» Task statement
Copy the data below exactly, but not the pictures it contains.

» Data shown
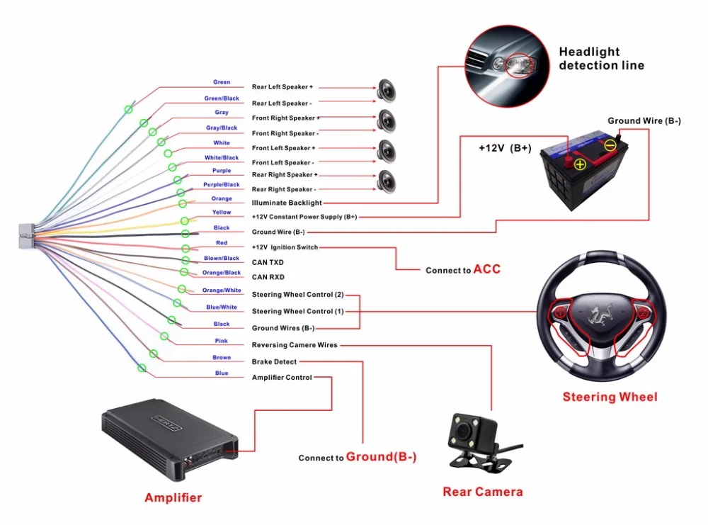 13.Support rear view camera input; vehicle information display, reversing trajectory
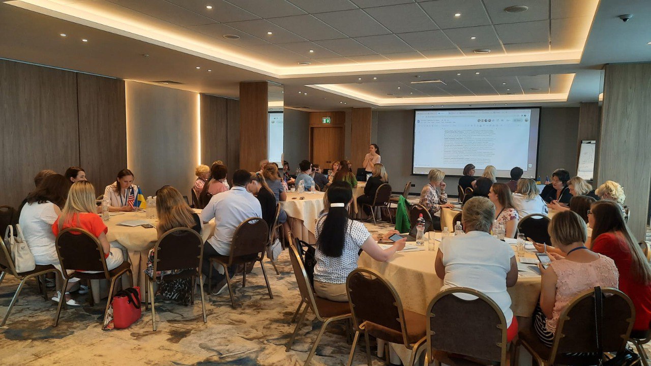 Наш університет на конференції представляла проректор з наукової роботи Тетяна Коноваленко із доповіддю “Sharing experience of participating in projects supported by the U.S. Embassy in Ukraine”. У своїй доповіді вона поділилася тим, як проєкти, фінансовані State Department of the United States та Посольства США в Україні, сприяють професійному розвитку викладачів та допомагають зробити викладання більш студенто-центрованим, цифровізованим та соціально-емоційно сприятливим. Також у доповіді було окреслено шляхи для вдосконалення таких професійних і особистісних рис як лідерство, емоційних інтелект, стійкість, вмінь командної роботи, комунікативних вмінь, інформаційної та медіаграмотності тощо.
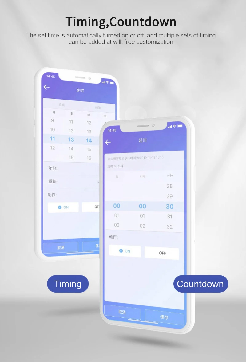 Управляйте светильник в любое время и в любом месте, и вы можете включать/выключать эти устройства через Управление смартфоном под управлением системы IOS или Android
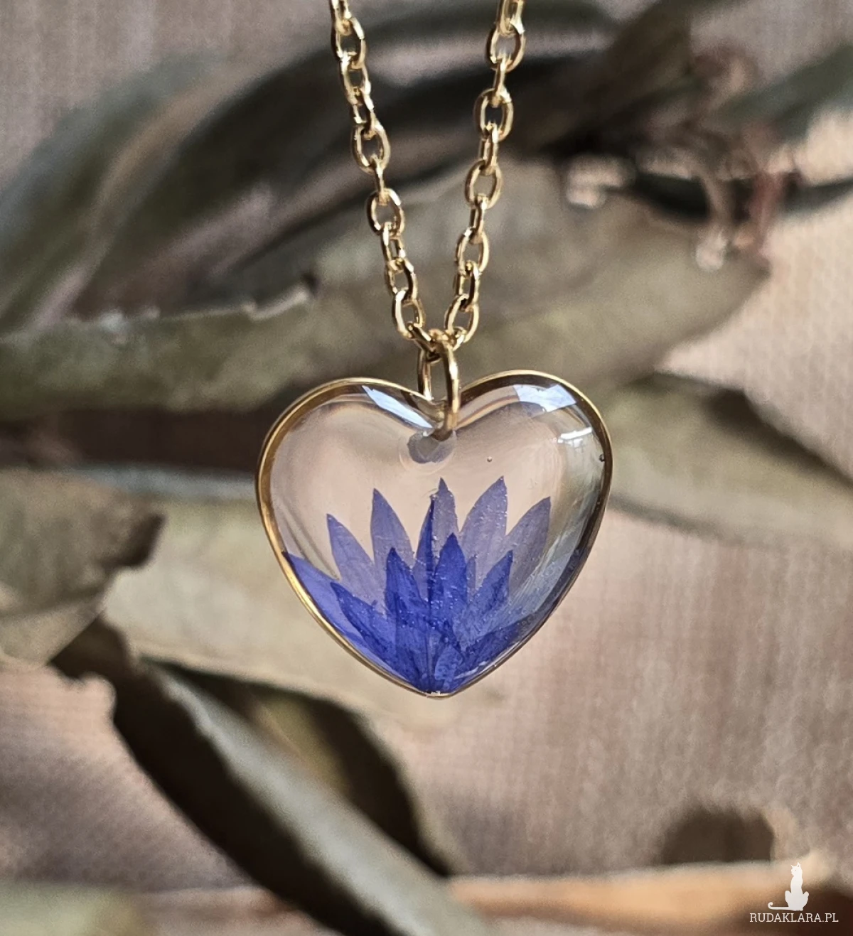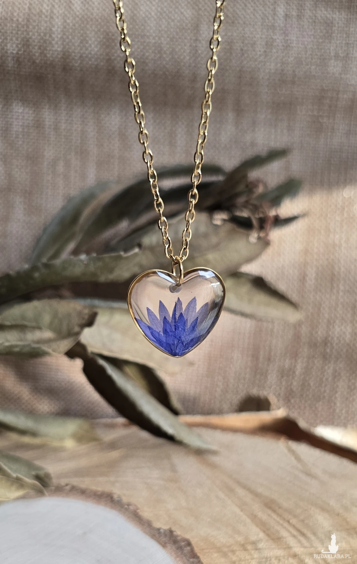 złota zawieszka złoty wisiorek kwiat naszyjnik żywica z żywicy kwiaty serce serduszko chabry z chabrami niebieskie
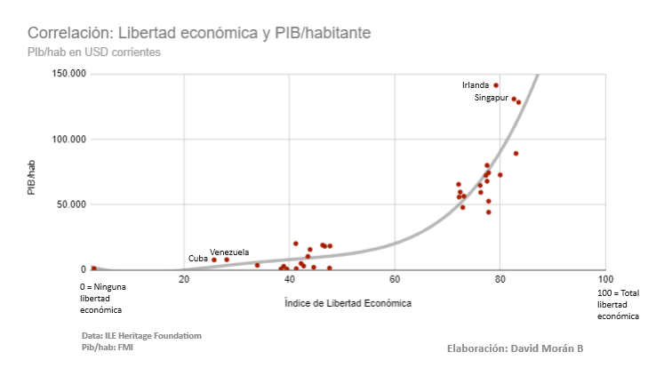 Para demostrar la correlación entre libertad económica y riqueza, tome de los 176 países analizados en el ILE una muestra de 36 de ellos (20% del total) compuesta por los primeros 18 países en el ranking del ILE y los últimos 18, con la idea de identificar claramente en un gráfico los dos clusters de datos que forman cada uno de los grupos. Simplificando así su visualización sin otros datos intermedios para su mejor comprensión. Los valores del PIB per cápita (o por habitante) fueron tomados de la data del Fondo Monetario Internacional a dólares corrientes para el año 2023
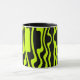 Une tasse design abstraite rayée ondulée en noir et vert.
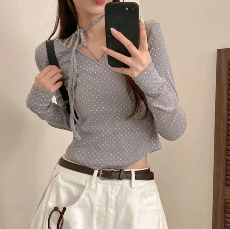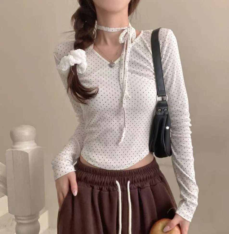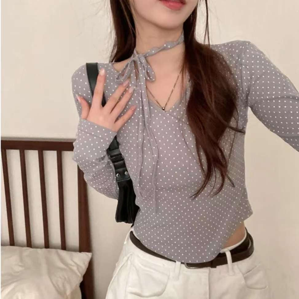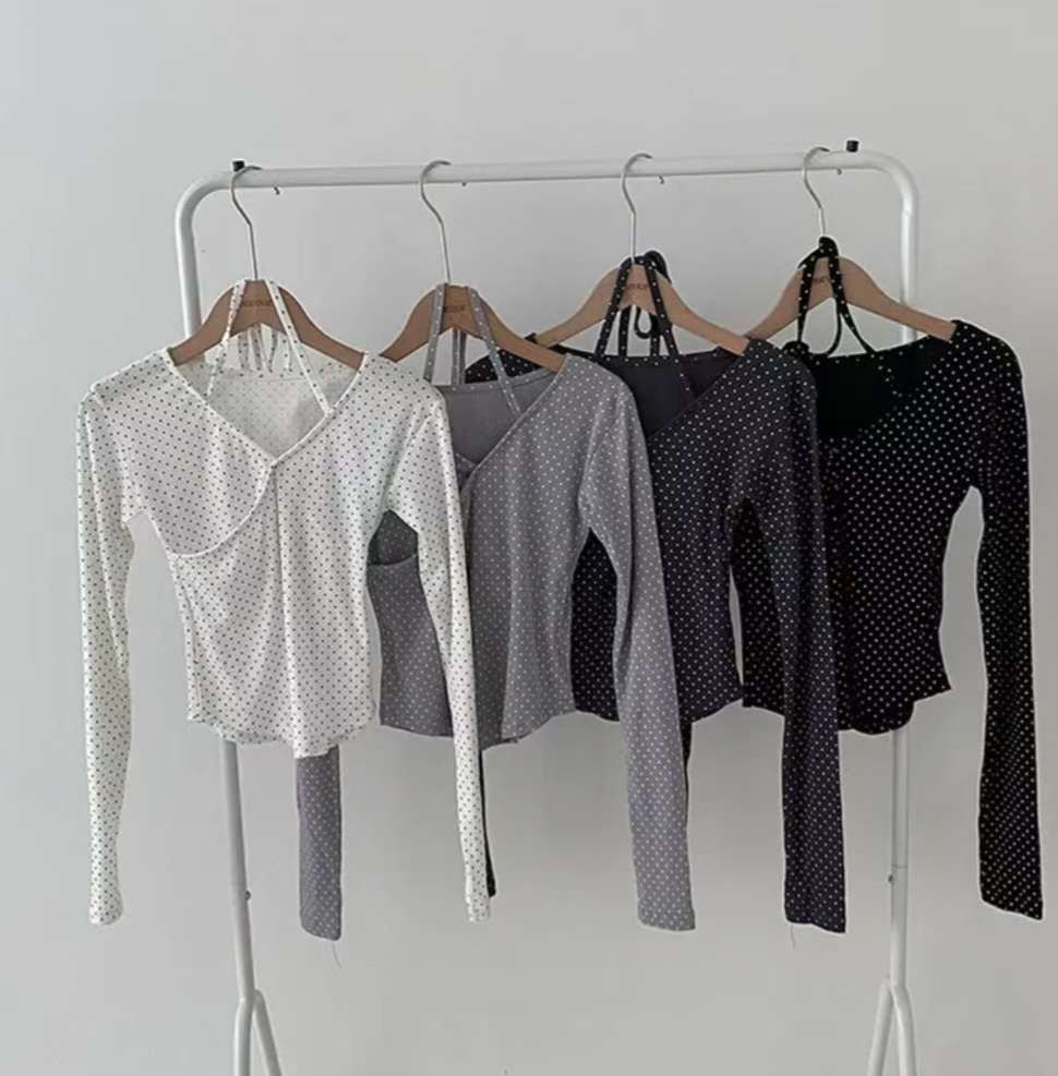 [預訂] \附頸帶/ 波點疊布長袖Top
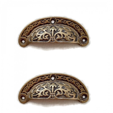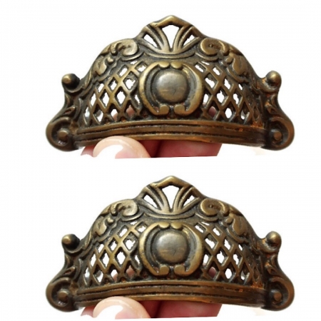 2 open pattern shell 10 cm shape watson 3060 pulls handles 4″ antique solid brass vintage old replace drawer 105 mm bronze patina
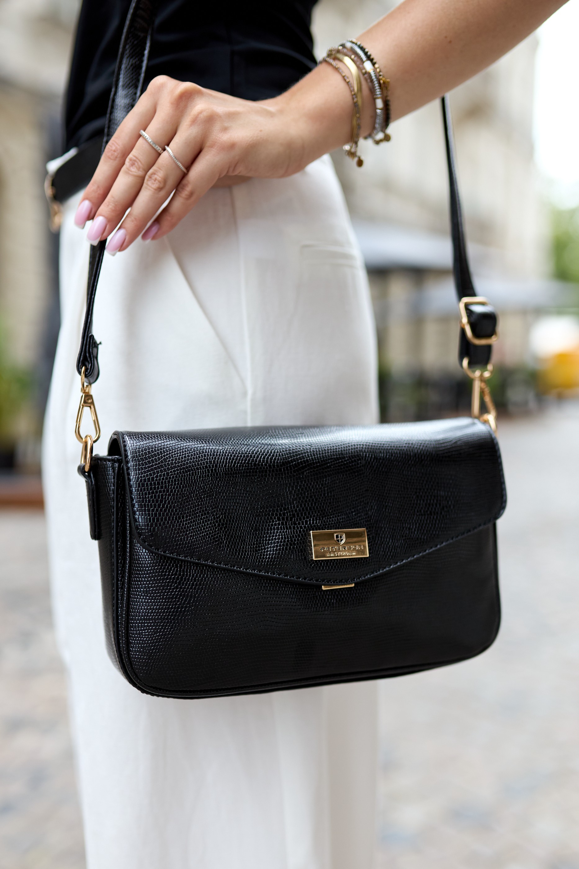 PETERSON Ženska klasična torba za čez ramo z zavihkom, elegantna tekstura

» Answer box
 13.Support rear view camera input; vehicle information display, reversing trajectory
 Наш університет на конференції представляла проректор з наукової роботи Тетяна Коноваленко із доповіддю “Sharing experience of participating in projects supported by the U.S. Embassy in Ukraine”. У своїй доповіді вона поділилася тим, як проєкти, фінансовані State Department of the United States та Посольства США в Україні, сприяють професійному розвитку викладачів та допомагають зробити викладання більш студенто-центрованим, цифровізованим та соціально-емоційно сприятливим. Також у доповіді було окреслено шляхи для вдосконалення таких професійних і особистісних рис як лідерство, емоційних інтелект, стійкість, вмінь командної роботи, комунікативних вмінь, інформаційної та медіаграмотності тощо.
 Управляйте светильник в любое время и в любом месте, и вы можете включать/выключать эти устройства через Управление смартфоном под управлением системы IOS или Android
 złota zawieszka złoty wisiorek kwiat naszyjnik żywica z żywicy kwiaty serce serduszko chabry z chabrami niebieskie
 Para demostrar la correlación entre libertad económica y riqueza, tome de los 176 países analizados en el ILE una muestra de 36 de ellos (20% del total) compuesta por los primeros 18 países en el ranking del ILE y los últimos 18, con la idea de identificar claramente en un gráfico los dos clusters de datos que forman cada uno de los grupos. Simplificando así su visualización sin otros datos intermedios para su mejor comprensión. Los valores del PIB per cápita (o por habitante) fueron tomados de la data del Fondo Monetario Internacional a dólares corrientes para el año 2023
 Une tasse design abstraite rayée ondulée en noir et vert.
 [預訂] \附頸帶/ 波點疊布長袖Top
 2 open pattern shell 10 cm shape watson 3060 pulls handles 4″ antique solid brass vintage old replace drawer 105 mm bronze patina
 PETERSON Ženska klasična torba za čez ramo z zavihkom, elegantna tekstura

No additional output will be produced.